Отец перестал жевать, мать застыла с ложкой. Только она, Анна, спокойно глядела на Сожженного, зная его. Даже улыбалась.
– Я не уезжаю, – тихо сказал Сожженный. – Это город уезжает. Точнее, уже давно уехал. Я отправляюсь на его поиски.
Стол снова пришел в движение.
– Ты, Фарочка, так не шути, – говорила мать. – У меня аж сердце… – и поглаживала грудь.
– Нельзя жить одним прошлым. – Отец поставил бутылку. – Это только старикам можно… вроде меня…
Поглядел на жену, ожидая возражений. Но та занялась чайником.
– Сейчас мы все старики, – ответил Сожженный. – Все, кто хоть немного мыслит.
– Любой город должен меняться. Что-то строится, что-то сносится…
– Что-то – реставрируется.
– Как умеют, так и реставрируют… Кстати, снова пошел разговор, что наши дома сносить собираются.
Тема была старой. Хрущевки напротив Регистана были выстроены на месте снесенной махалли в 69-м, к 2500-летию города. Уже тогда выглядели уныло и странно; в Ташкенте возле главной площади такие бы не настряпали… Последние лет пятнадцать их то собирались сносить, то решали оставить в покое и слегка подновляли.
– В Эрфурте, наверное, ничего не сносят. – Мать разливала чай.
– Во времена ГДР много сносили. – Анна смотрит на чай. – Целые старые кварталы, в шестидесятые, когда Юрий-Гагарин-Ринг расширяли. И тоже пятиэтажки строили, а потом – огромные эти, панельные. В конце восьмидесятых хотели еще продолжить Юрий-Гагарин-Ринг, тоже под снос многое шло, но уже общественность поднялась. А потом – объединение Германии, и об этом сносе забыли.
– А как сейчас этот Юрий-Гагарин-стрит у вас называется? – спросил отец.
– Юрий-Гагарин-Ринг? Так же и называется.
– У нас всё переназвали. И памятник Гагарину снесли.
– Нет, у нас бюст Гагарину еще стоит.
– Немцы – старый народ, папа, – сказал Сожженный.
– У нас тоже древний народ.
– Древний, но не старый.
– Не вижу разницы…
– А помнишь эту пиалку? – вступила мать.
Сожженный повертел ее в руках:
– Бабушкина, куда она усьму выдавливала?
На днище пиалы были синеватые разводы.
– А что такое «узьма»? – Анна заинтересовалась. – Такой творог соленый?
– Не, это ты про сюзьму говоришь, – сказала мать. – А это усьма, трава такая, раньше ей брови, ресницы красили. Сейчас уже, конечно, не так.
– Хай, сейчас тоже красят, – громко сказал отец. Бутылка была уже почти пуста.
– Ну, старухи красят. Или в кишлаках… Фархадик, может, возьмете с собой эту чашку? Как о бабушке память.
– Я и так о ней помнить буду… – Сожженный вернул пиалу на стол.
– Посмотри, какое качество. Не теперешнее китайское…

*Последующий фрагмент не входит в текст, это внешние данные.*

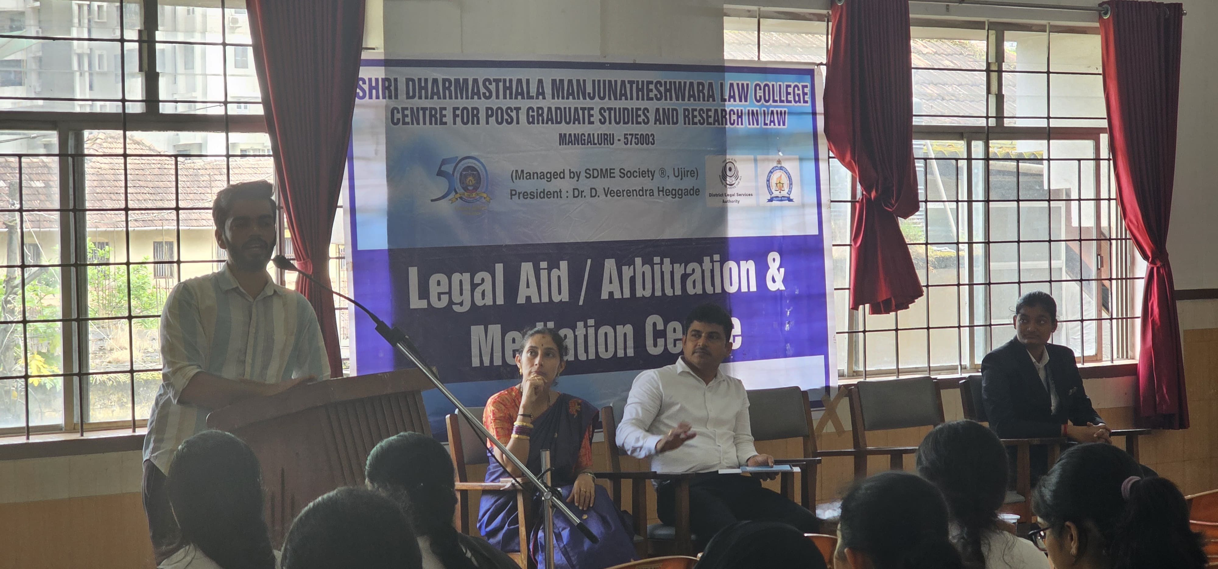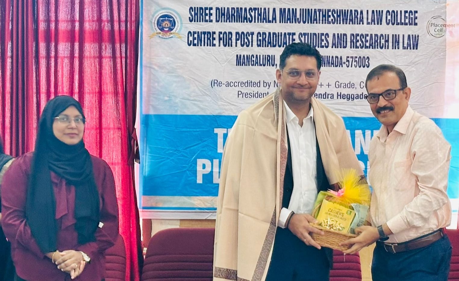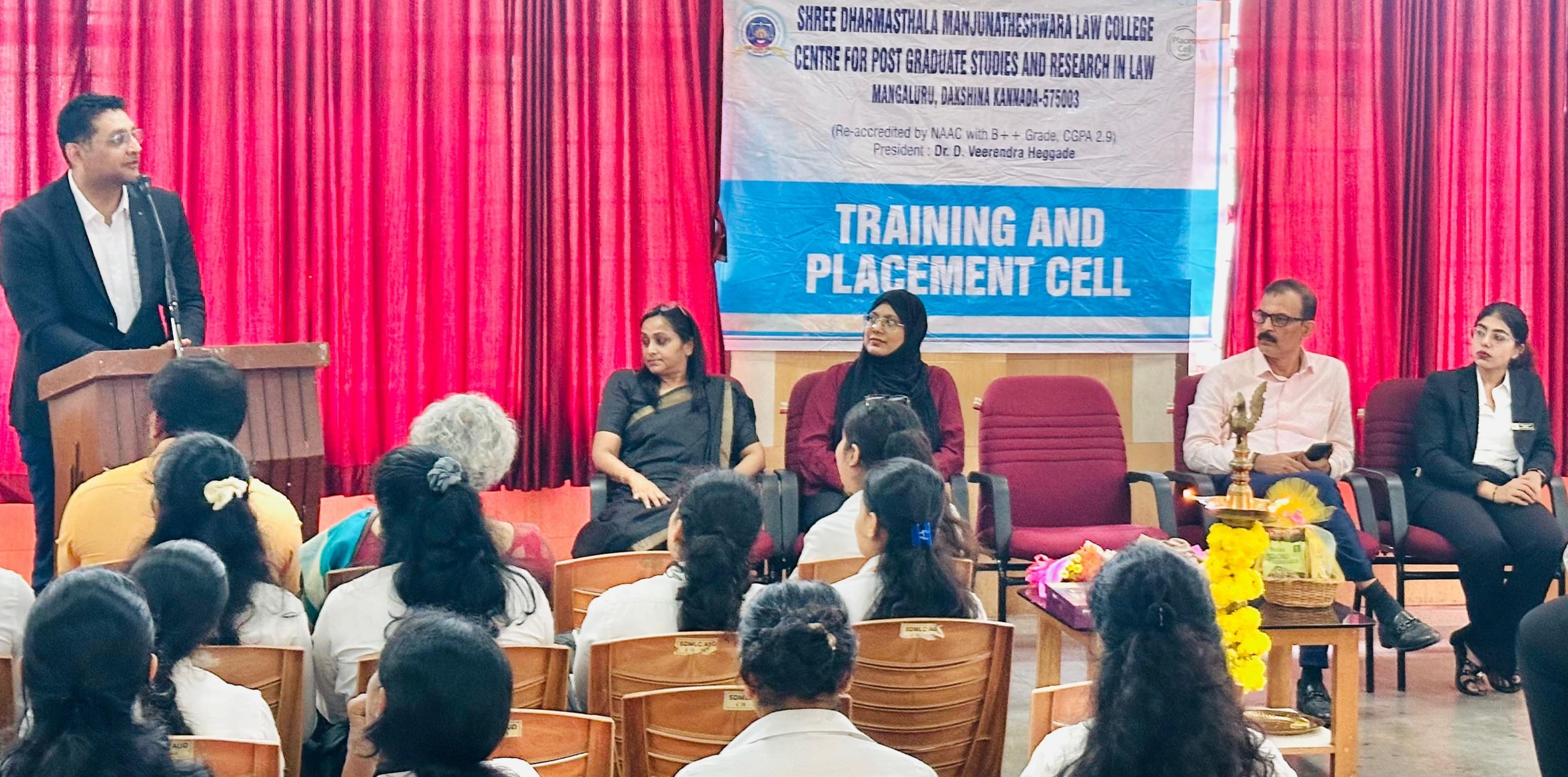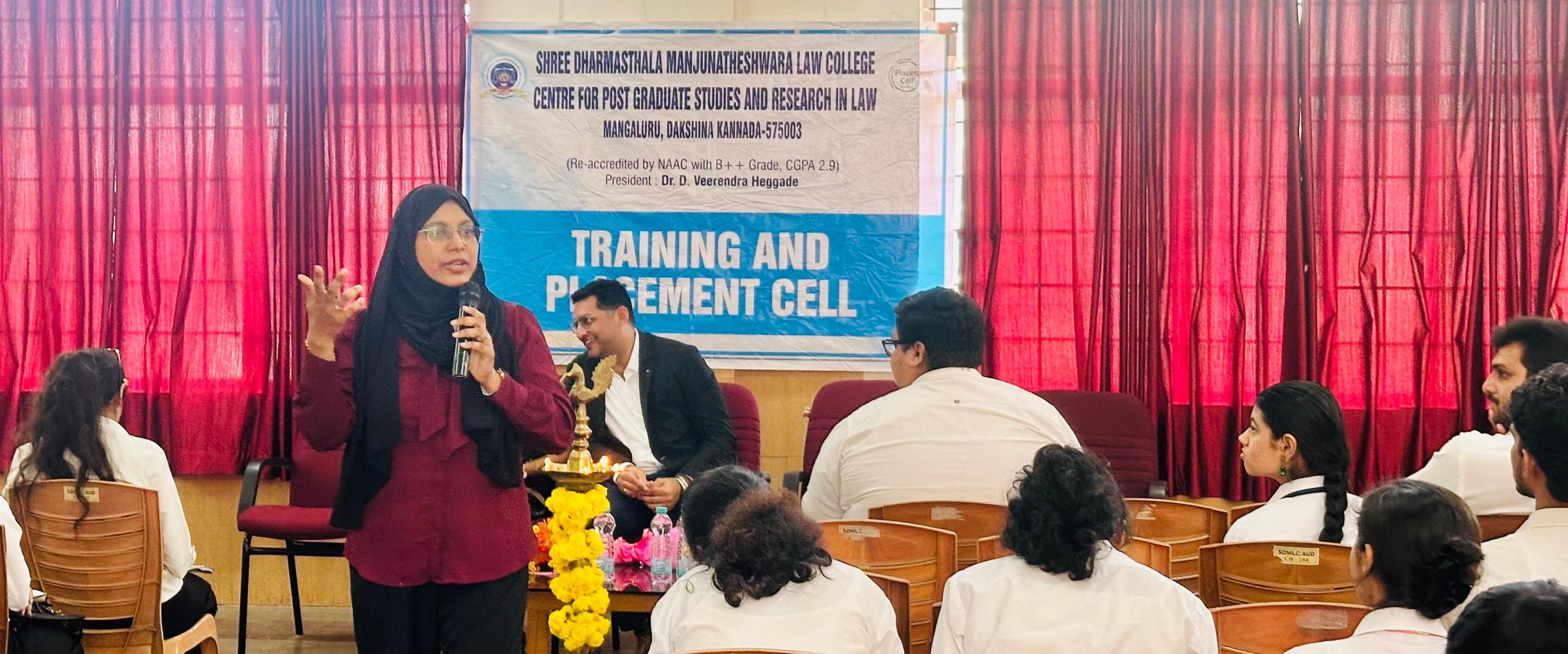 SDM Law College, Mangaluru, organised an Orientation Programme on “Internship, Placement & Higher Education” on September 20, 2025. The programme was conducted by the Training and Placement Cell of the college. The first session was led by Mr. Varun Vinayan, Associate Vice President, Casagrand Premier Buildings Ltd., and a proud alumnus of SDMLC, who inaugurated the programme and delivered an insightful talk on career opportunities and growth in the corporate sector. The second session was conducted by Ms. Shamshad Begum, Team Lead, Edroots International, who guided students on opportunities for higher education abroad.
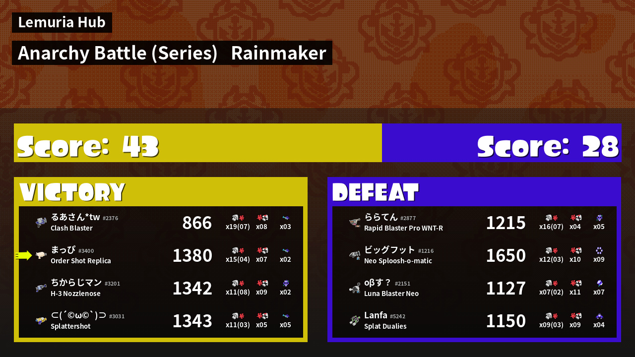Results of まっぴ's Battle

– У китайцев качественные вещи тоже бывают, – снова заработал своим экскурсионным голосом отец. – Правда, Анечка?
И похлопал ее по ноге.
– А я знаю это растение. – Она отодвинула ногу. – Это фербервайд, цветной вайд… как вы сказали: узьма?
– Усьма.
– Да, ее еще в Средние века выращивали в Тюрингии как краситель. Эрфурт на торговле этим… усьмой и разбогател. Его даже называли
– Наш Самарканд раньше тоже городом усьмы был…
Пора было закругляться. Она собралась мыть посуду, но свекровь отогнала ее от раковины.
– Я вам там лекарства в дорогу собрала, – сообщила, понизив голос.
– Там всё есть…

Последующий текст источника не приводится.